» ACTION ITEM:
The whole listing below must be printed again exactly, images excluded.

» THE DATA:
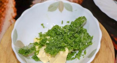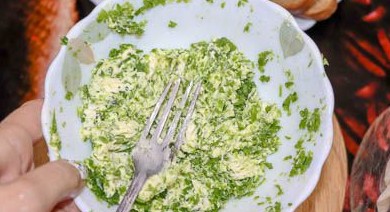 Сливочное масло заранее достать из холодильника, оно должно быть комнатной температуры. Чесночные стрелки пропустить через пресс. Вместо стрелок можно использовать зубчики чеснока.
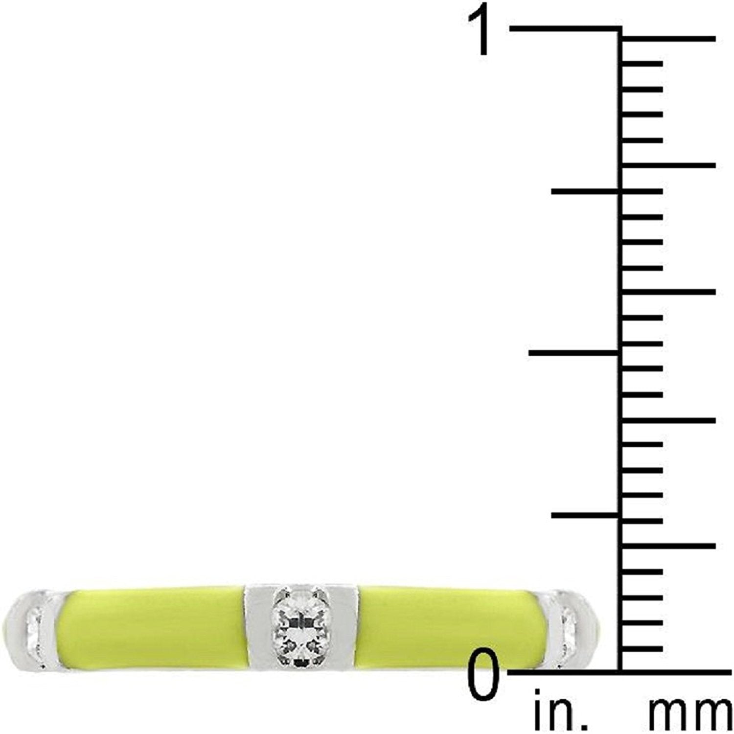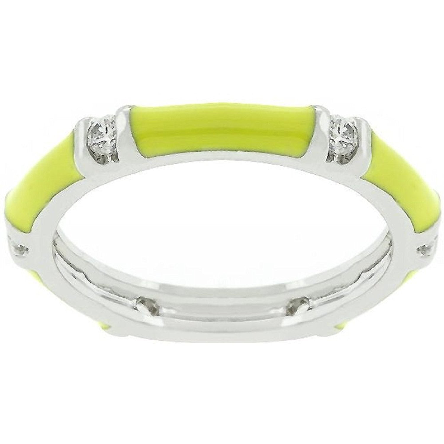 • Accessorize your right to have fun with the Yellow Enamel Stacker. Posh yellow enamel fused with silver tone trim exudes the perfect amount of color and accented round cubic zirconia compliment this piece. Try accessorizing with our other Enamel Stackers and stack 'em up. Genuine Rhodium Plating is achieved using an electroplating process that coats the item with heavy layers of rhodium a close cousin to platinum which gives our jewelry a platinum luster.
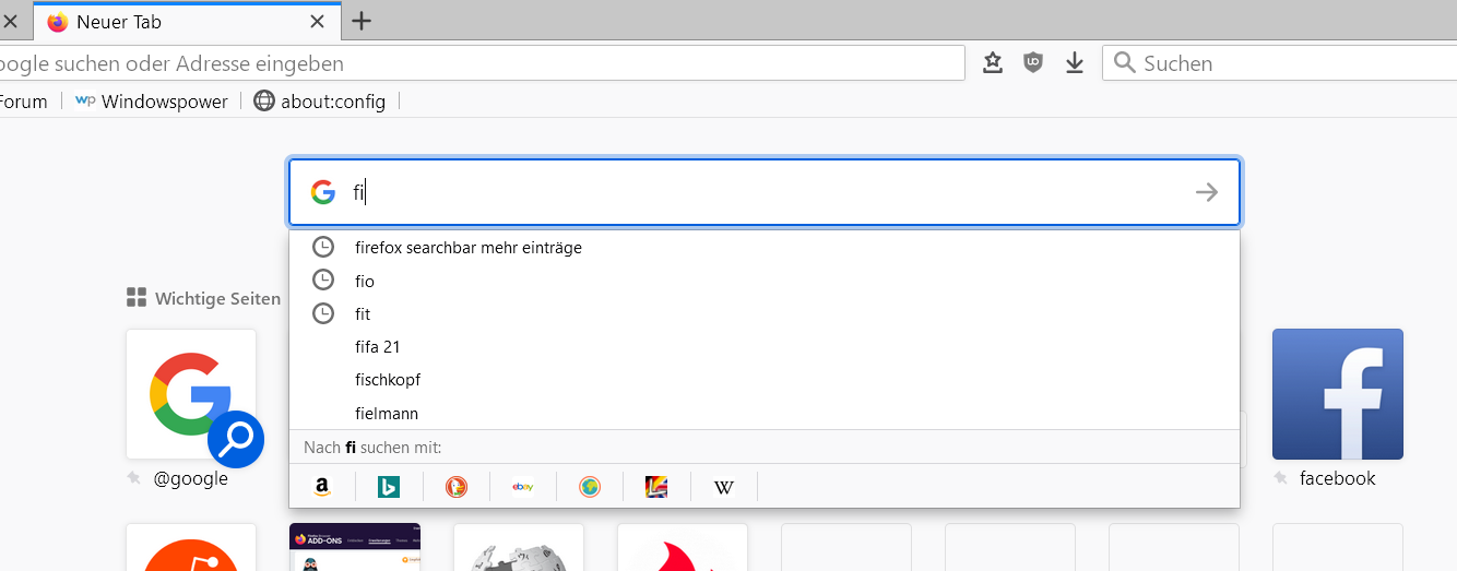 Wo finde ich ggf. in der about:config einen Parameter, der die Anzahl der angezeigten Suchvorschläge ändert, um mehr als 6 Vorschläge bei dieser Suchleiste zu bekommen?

» THE ANSWER:
 Сливочное масло заранее достать из холодильника, оно должно быть комнатной температуры. Чесночные стрелки пропустить через пресс. Вместо стрелок можно использовать зубчики чеснока.
 • Accessorize your right to have fun with the Yellow Enamel Stacker. Posh yellow enamel fused with silver tone trim exudes the perfect amount of color and accented round cubic zirconia compliment this piece. Try accessorizing with our other Enamel Stackers and stack 'em up. Genuine Rhodium Plating is achieved using an electroplating process that coats the item with heavy layers of rhodium a close cousin to platinum which gives our jewelry a platinum luster.
 Wo finde ich ggf. in der about:config einen Parameter, der die Anzahl der angezeigten Suchvorschläge ändert, um mehr als 6 Vorschläge bei dieser Suchleiste zu bekommen?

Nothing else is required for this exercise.